Let's see what happens when creating an integration using a different language. Here is the "Hello, World" example expressed in YAML:

- from:
    uri: "timer:yaml"
    parameters:
      period: "1000"
    steps:
      - set-body:
          constant: "Hello Camel K from yaml"
      - to: "log:info"

Deploy this in the usual way:

$ kamel run Hello3.yaml
$ kamel get
NAME	PHASE		KIT
hello	Running
hello2	Running
hello3	Building Kit

Notice that Camel-K is building a new integration kit for this integration, although it would not have done so for another Java route (with the same dependencies). When this operation is complete, you'll see (e.g., using oc get is) that a new image has been created for the integration kit (and for the integrations it deploys, as discussed above).

If fact, although Hello3.yaml is a route specified in YAML, the route is still converted into a Quarkus application, and executed using a Java JVM. The construction is, in fact, almost identical between the Java and YAML examples. So it's worth asking why we need different integration kits at all. The answer seems to lie in the dependencies: the YAML integration kit installs a large number of Java software components for processing YAML; these are not needed in the Java example. In other respects, these integration kits are almost identical.
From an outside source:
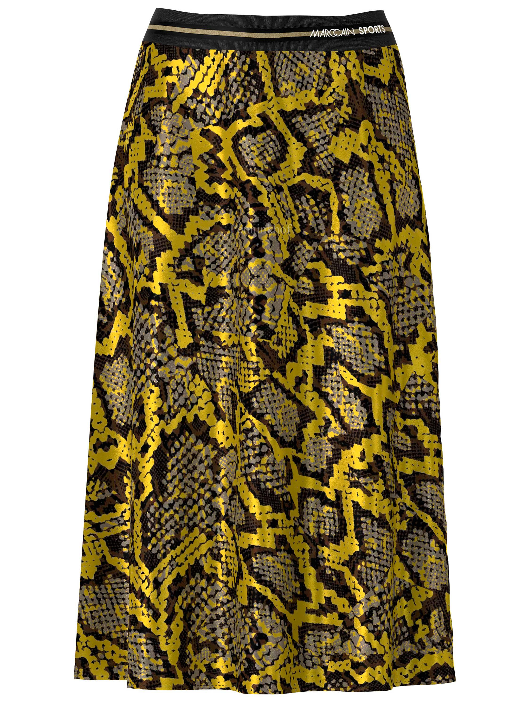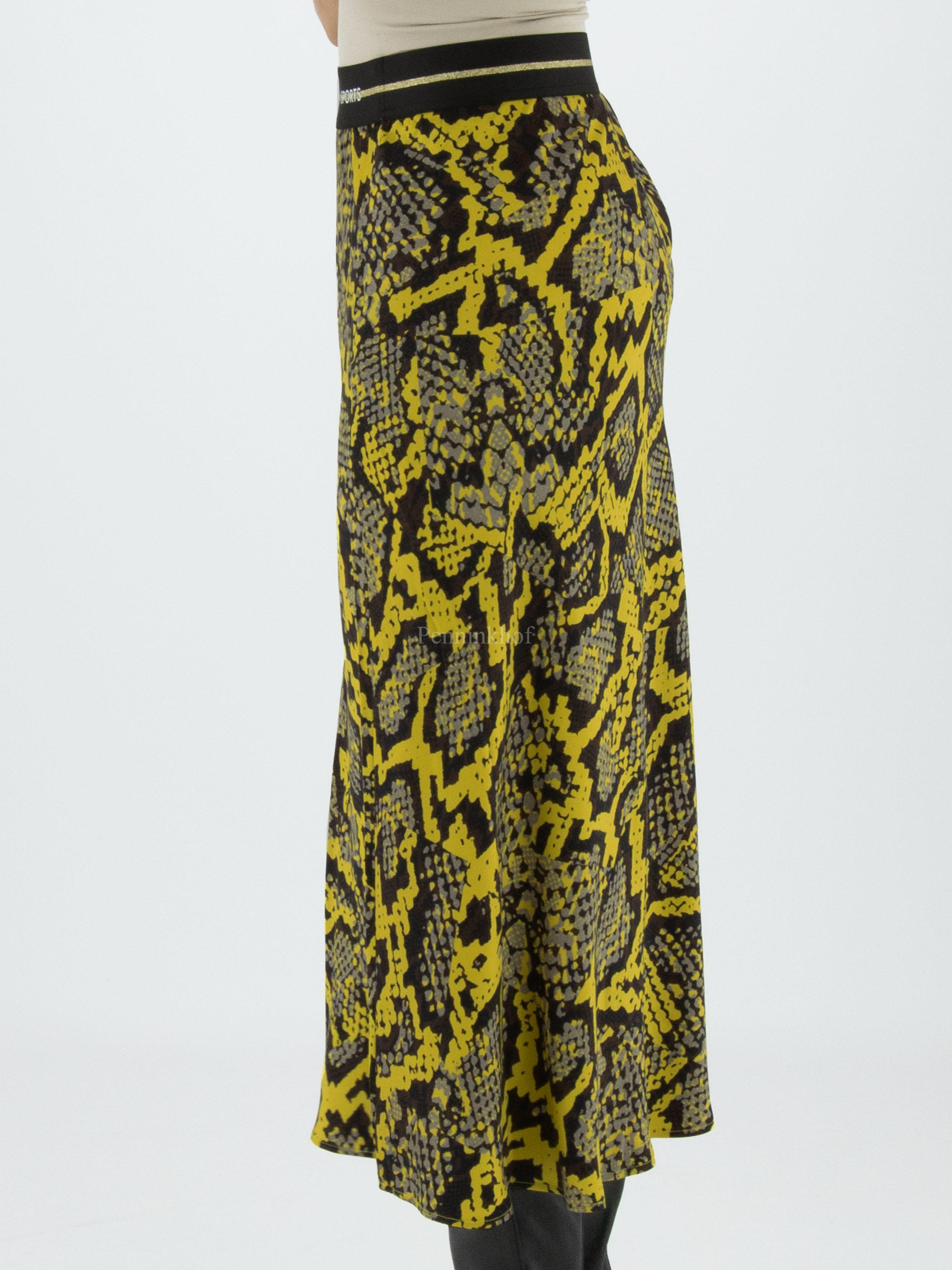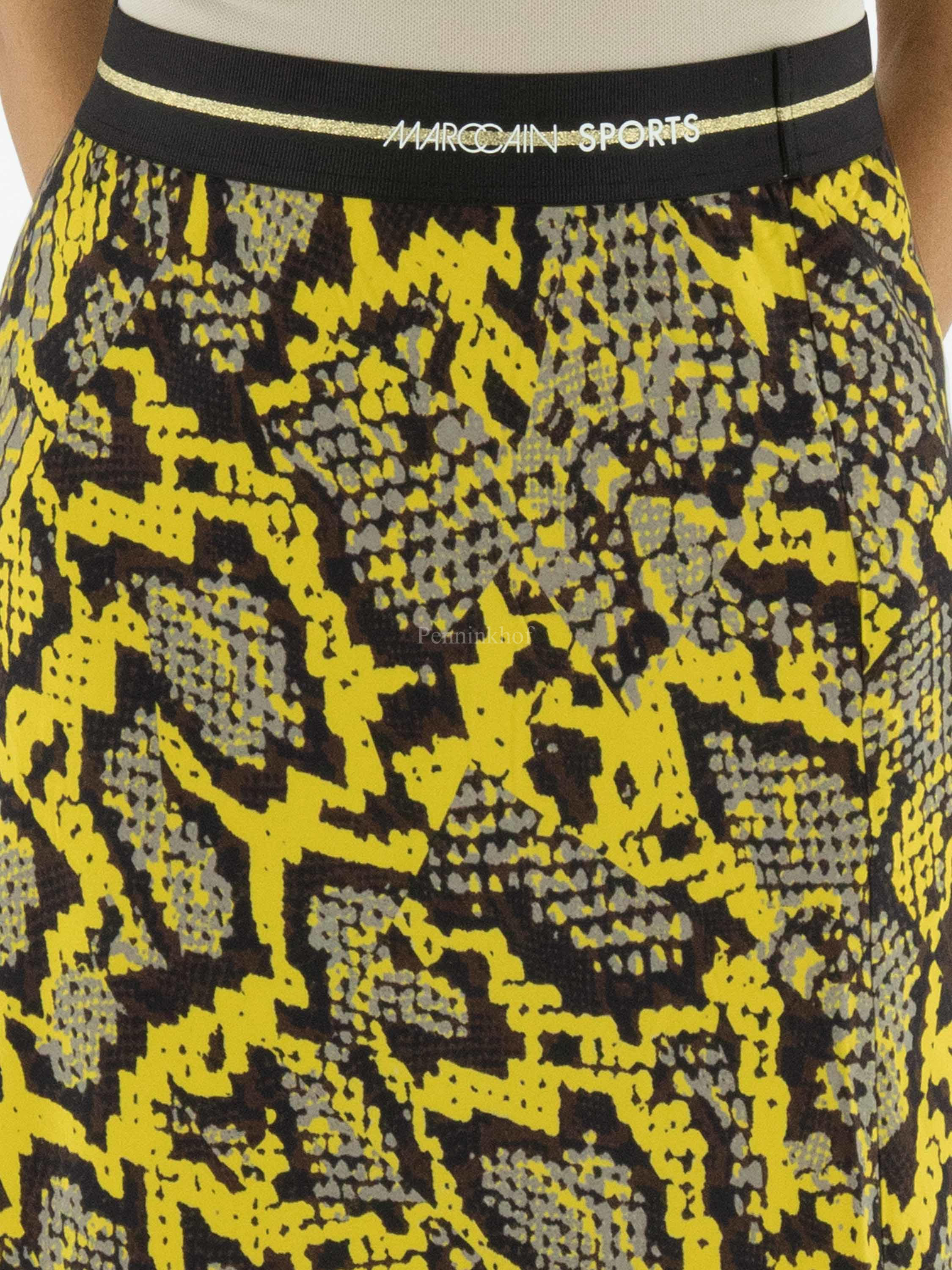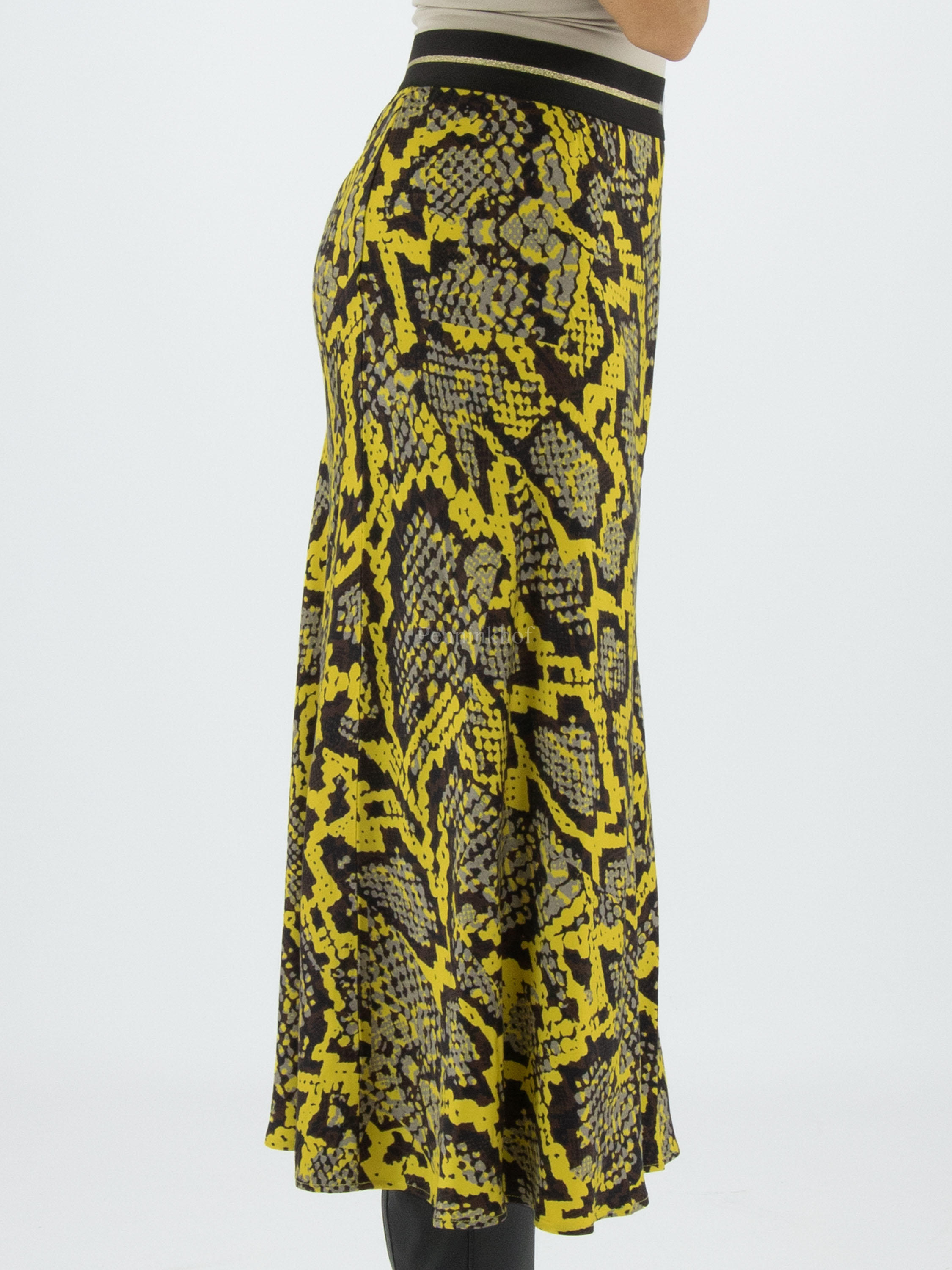 Jupe Marc Cain en imprimé reptile aux couleurs jaune, noir et gris. Une bande élastique noire se trouve à la taille. La jupe a une légère ligne A et n'est pas doublée. Cette jupe peut être lavée à 30 degrés.

The potential advantage of maintaining separate integration kits -- despite the complexity it adds to Camel-K -- is that the number of dependencies needed for a particular integration can be minimized. YAML support is not needed for a Camel route that is neither expressed in YAML, nor processes YAML. Consequently, using a different integration kit for YAML-based routes allows the necessary dependencies to be added only to those routes. This distinction is not hugely important when running Java code using traditional JVMs, but it may become increasingly relevant when using newer technologies like GraalVM. The underlying principle -- which is not yet fully realized -- is to match integration kits as closely as possible to classes of Camel route.

Redeployment

A significant feature of the Camel-K deployment model is that deploying new code does not require the creation of any new OpenShift/Kubernetes image -- so long as it uses the same integration kit. This is a marked difference from most Camel-based development methodologies for OpenShift/Kubernetes -- in most cases, the way to run changed code is to build and deploy a new Docker image, which is not exactly speedy.
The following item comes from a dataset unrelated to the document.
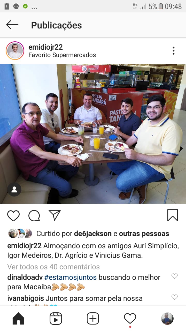 O Vice-prefeito Auri Simplício anuncia seu apoio a pré-candidatura de Emídio Junior, o anúncio aconteceu durante um almoço na praça de alimentação do Favorito. Auri é um dos políticos mais respeitados e pode também ser uma possível indicação do DEM como companheiro de chapa de (Bob Filho) Emídio Junior.
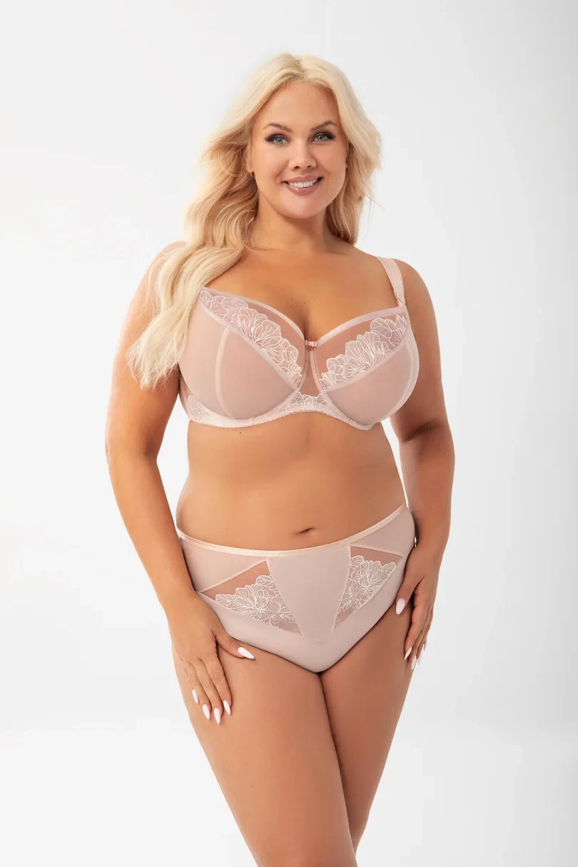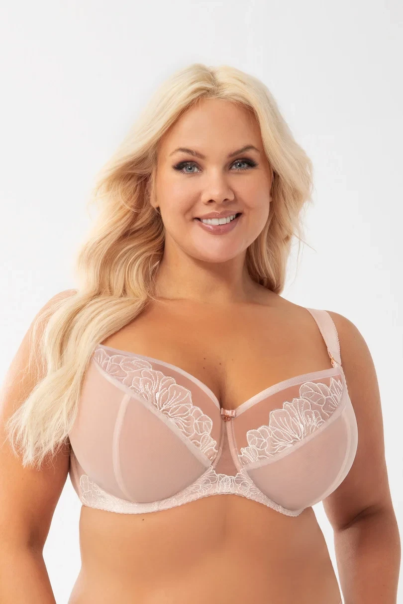 Biustonosz miękki przeznaczony dla kobiet ze średnim, dużym i bardzo dużym biustem. Zapewnia efekt mocnego uniesienia i zebrania biustu do środka, 3-częściowe miski wykonane z tiulu stabilnego oraz haftu. Górna krawędź miski wykończona połyskującą taśmą, płynnie przechodzi do ramiączka powodując lepsze podtrzymanie biustu. Tył z transparentnej lycry zapewniającej bardzo dobre dopasowanie i podtrzymanie. Fiszbiny boczne zapobiegające zwijaniu się materiału. W zależności od rozmiaru dwu lub trzyrzędowa haftka z trójstopniową regulacją obwodu. Nieodpinane, regulowane ramiączka w trzech szerokościach, w większych rozmiarach dodatkowo wzmocnione welurową taśmą. Metalowe elementy w kolorze różowego złota (nie zawierają niklu)

Deploying a modified route to Camel-K amounts to changing the contents of the source in a ConfigMap, and then restarting any pods that are consuming code from that ConfigMap. The pods still have to build a Quarkus application from the new code, but that's generally a lot faster than building a new image.

The kamel command-line tool even has a "developer" mode, activitated by running

$ kamel run [file] --dev 

In this mode, the kamel utility runs in the background, watching for changes to the source file. When changes are detected, they are redeployed, and take effect as a new integration pod can be spun up. In practice, this takes a few seconds for sources of modest complexity. Developer mode also enables --logs, so errors are more apparent.
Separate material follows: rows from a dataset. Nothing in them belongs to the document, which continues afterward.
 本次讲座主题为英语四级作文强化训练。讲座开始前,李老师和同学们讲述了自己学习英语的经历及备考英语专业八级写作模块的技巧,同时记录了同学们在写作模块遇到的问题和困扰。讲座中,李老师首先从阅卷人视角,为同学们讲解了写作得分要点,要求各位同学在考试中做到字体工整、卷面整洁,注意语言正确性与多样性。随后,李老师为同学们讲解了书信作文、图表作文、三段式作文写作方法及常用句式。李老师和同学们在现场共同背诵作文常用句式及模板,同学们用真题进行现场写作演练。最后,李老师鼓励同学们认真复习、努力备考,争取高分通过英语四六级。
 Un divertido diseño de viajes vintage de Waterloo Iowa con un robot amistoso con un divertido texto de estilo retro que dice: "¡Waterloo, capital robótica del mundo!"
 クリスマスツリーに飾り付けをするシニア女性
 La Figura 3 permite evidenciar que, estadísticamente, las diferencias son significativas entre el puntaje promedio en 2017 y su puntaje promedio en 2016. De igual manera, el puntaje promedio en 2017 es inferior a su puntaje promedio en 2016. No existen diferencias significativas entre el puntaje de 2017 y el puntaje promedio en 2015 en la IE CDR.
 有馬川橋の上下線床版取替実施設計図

It has to be admitted, I think, that this improvement in development turn-around time comes at the expense of an increase pod start-up time, because the application to be build from source each time. In practice, it's only the user's code that has to be built -- plus a little boilerplate -- since the Quarkus framework is built into the image as a series of JAR files. So pod start-up time isn't usually more than a second or so. Still, in a "serverless" environment, where the number of running pods scales up and down on demand, this additional start-up time could be significant.

Closing remarks

I've tried to provide an overview of the way that Camel-K takes snippets of Camel source code, in a variety of different languages, and generates a running application on OpenShift or Kubernetes. The infrastructure that makes this possible is fairly complex, and the design decisions involved do embody some compromises. Camel-K is a relatively new technology, and it's implementation has already changed somewhat since its first release. There's still work to do, and I think we can expect further improvements in future.